Katie Cazorla and Walter Afanasieff met 24 years ago, introduced at Afanasieff’s birthday party by mutual friend Darren Hayes, frontman of the band Savage Garden. Cazorla, a bombshell comedian with a quick wit and apparently no self-censor mechanism, had moved to L.A. in 1998 and was hosting karaoke nights around town. Afanasieff is a Grammy-winning music producer and songwriter with a string of smash hits under his belt — including several early Mariah Carey No. 1s such as “Hero,” “One Sweet Day” and “All I Want for Christmas Is You.”
Cazorla was “the life of the party,” recalls Afanasieff, who was instantly smitten. He was married at the time — but love eventually found a way, and Cazorla and Afanasieff, who married in 2017, have been together ever since.
Cazorla has spent the ensuing years launching various businesses, like a nail salon that became the setting of her own TV Guide Network reality show, Nail Files. That led to her participation in Second Wives Club, a short-lived reality series on E! Afanasieff — whose nickname for Cazorla is Trouble — put his foot down when she was approached by The Real Housewives of Beverly Hills. “I’ve known people who have done it,” he says. “David Foster and Harry Hamlin are my friends.

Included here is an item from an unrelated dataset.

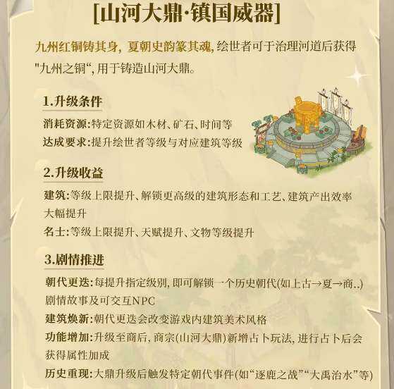 华夏绘世录山河大鼎升级教程九州红铜铸其身,夏朝史韵篆其魂,华夏绘世录山河大鼎升级教程绘世者可于治理河道后获得"九州之铜“,接下来就是具体内容。

It really doesn’t help in your personal life.”
A couple of years ago, Cazorla confessed her one true dream was to own and manage her own comedy club — just like her hero, the late Mitzi Shore, had done with The Comedy Store. (Shore discovered Cazorla early on and booked her in the club’s Belly Room.) “Mitzi told me that I reminded her of Roseanne Barr, and I was like, ‘That’s the nicest thing anyone’s ever said to me,’ ” Cazorla recalls.
Afanasieff set about making Cazorla’s dream come true. Having co-written a song as successful as “All I Want for Christmas,” which has hit the peak position on the Billboard Hot 100 every Christmas since 2017, he had the means to do so. He and Cazorla found an abandoned steakhouse in the former Hollywood & Highland (now Ovation) shopping center and transformed it into the Kookaburra Lounge. A throwback to 1950s Havana, it’s the poshest comedy club in L.A. — not a high hurdle to clear, granted — replete with vintage bird wallpaper, velvet booths and tropical cocktails.
The club has drawn a wide array of A-list talent since its September opening — Tiffany Haddish, Craig Robinson and Nikki Glaser among them. (Glaser worked out her upcoming Golden Globes monologue there recently. “The jokes were really good,” says Cazorla. “Like, really good.”) In the meantime, Cazorla has been decorating the couple’s Sunset Plaza home for the holidays. “We have a warehouse filled with decorations,” she says. “It looks like a Michaels art supply store blew up in there.” Afanasieff, meanwhile, is winding his way through the awards circuit for Barbra Streisand’s “Love Will Survive,” the Grammy- and Emmy-nominated song he produced for the Peacock miniseries The Tattooist of Auschwitz. Says Cazorla: “This has been a good year.”